Es gibt auch viele Hochbeete bzw. Gartenanlagen auf Dächern, was ein sehr spannender und schöner Aspekt ist.In dem Zusammenhang ist für mich noch immer die Sargfabrik im 14. Bezirk ein tolles Projekt. Es gibt außerdem viele Hochgaragen, wo das Top-Deck nicht genutzt wird. Und das ist eine Dachfläche, die statisch dafür ausgelegt ist, dass viele Autos oben stehen können. Dementsprechend auch perfekt, um da oben eine nachbarschaftliche Community zum Garteln oder zum Produzieren anzuregen. Oder wirklich eine professionelle Produktion raufzupacken, Stichwort Urban Farming.
Welche Elemente beim Aufbau gibt es neben der wurzelfesten Abdichtung?
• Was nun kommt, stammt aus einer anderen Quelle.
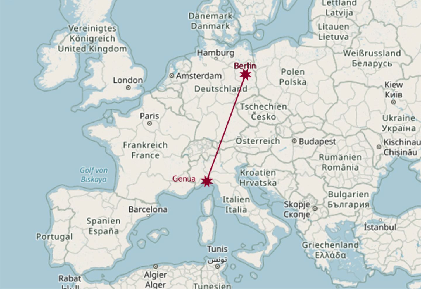 Der Rekorder bleibt auch mit der zweiten Etappe vorerst in Genua bzw. Italien. Hier wird die Box gerade an die nächste Person übergeben.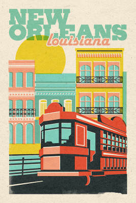 New Orleans, Louisiana - Woodblock City Series - French Quarter

Darüber ist eine Schutzlage, das ist einfach ein Geo-Textil, das die Abdichtung vor Beschädigungen schützt. Darüber kommt eine Drainage- und Speicherebene, da findet das richtige Wassermanagement im Dach statt. Bei Starkregen wird dafür gesorgt, dass es abgeleitet oder gespeichert wird für Dürre-Perioden. Diese Drainageebene ist von der eigentlichen Substratebene noch einmal getrennt, dazwischen ist ein Filterflies.
Das ist dafür gedacht, dass die Feinanteile, die für die Pflanzenwurzeln total wichtig sind, in einem Substrat oben bleiben und nicht unten ausgewaschen werden. Und das Substrat selbst ist natürlich das Herz der ganzen Angelegenheit. Da werden Nährstoffe und Wasser gespeichert, das ist der Wurzel-Lebensraum für Pflanzen und dementsprechend hochwertig und beständig muss das sein. Die letzte Ebene ist dann die Vegetationsebene, das sind die Pflanzen.
Wie kann man Dachgärten vor Wind schützen?
Man kann Gehölze in Form von linearen Strukturen anordnen, um die Windgeschwindigkeiten rauszubekommen. Wenn man mit sehr großen Gehölzen an sehr windigen Standorten arbeitet, muss man diese sichern, weil der Winddruck in der Anwuchsphase sehr hoch ist. Da gibt es Systeme mit einer aufliegenden Wurzelballen-Verankerung, da hält sich der Baum über eine Lastverteilplatte durch sein eigenes Gewicht und das des Substrates. Wir haben hier im Dachgarten beispielsweise einen durch die Korkenzieher-Hasel bereitgestellten Wind- und Regenfang von 1,5 Meter rundherum.